“A lot of people mistake a short memory for a clear conscience.” –Doug Larson
I think too much. I know. And my thinking gets me into all kinds of trouble! For instance, I am beginning to think that striving for a clear conscience is psychobabble bullshit. Our conscience is the inner voice acting as a guide to choose right conduct over wrong conduct. Fine. What if someone insists their actions are righteous? A rationale explanation is created ‘cause it’s their story and they’re sticking to it. Anyone who has been in a relationship with an alcoholic or philander knows what I’m talking about. So I started to think maybe having a clear social conscience makes for better behaving human beings.

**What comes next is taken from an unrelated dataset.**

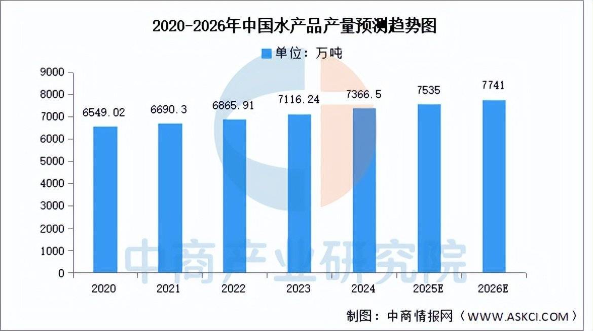 中商财产研究院发布的《2025-2030年中国农产物财产深度阐发及财产成长风险研究预测演讲》显示,2024年全年水产物总产量7366。5万吨,比上年增加3。5%。此中,养殖产量6062万吨,增加4。3%;捕捞产量1305万吨,下降0。1%。中商财产研究院阐发师预测,2025年中国水产物产量将继续增加至7535万吨,2026年将达7741万吨。

But then I started to think about all the shit people have done in the name of the social good or social values. Nhem En’s rationale was he was just a photographer. He didn’t do anything. It was the guards and other staff at S-21 who committed the atrocities. En only took the pictures. And if it wasn’t him, En said it would have been someone else. I am beginning to think that striving for a social conscience is psychobabble chicken shit.
For all this thinking I’m left with shit. What’s the alternative? Stop thinking. Or as the Eightfold Path guides us: Stop wasting mental capacity on wasteful thoughts. Fuck. That was easy! (Hey, where’s a Buddha Easy Button when you need one!)